Bring back per-thread lazy initialization (#2863)

* Bring back per-thread lazy initialization

Platforms Wasmtime supports may have per-thread initialization that
needs to run before WebAssembly. For example Unix needs to setup a
sigaltstack and macOS needs to set up mach ports. In #2757 this
per-thread setup was moved out of the invocation of a wasm function,
relying on the lack of Send for Store to initialize the thread at Store
creation time and never worry about it later.

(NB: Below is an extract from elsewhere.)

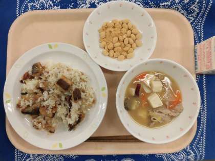 今日の給食は、節分献立です。そこで今日は、「節分」のクイズを出したいと思います。節分の日には、ある魚の頭をひいらぎの枝にさして、家の入り口に飾ります。さて、その魚とは次のうちのどれでしょうか?
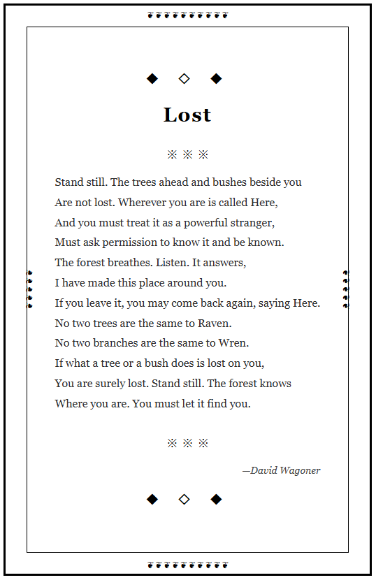 I think these two poems, Lost by David Wagoner and Into My Own by Robert Frost, compliment each other well…

This conflicted with [wasmtime's desired multithreading
story](https://github.com/bytecodealliance/wasmtime/pull/2812) so a new
[`Store::notify_switched_thread` was
added](https://github.com/bytecodealliance/wasmtime/pull/2822) to
explicitly indicate a Store has moved to another thread (if it unsafely
did so).

It turns out though that it's not always easy to determine when a
`Store` moves to a new thread. For example the Go bindings for Wasmtime
are generally unaware when a goroutine switches OS threads. This led to
https://github.com/bytecodealliance/wasmtime-go/issues/74 where a SIGILL
was left uncaught, making it appear that traps aren't working properly.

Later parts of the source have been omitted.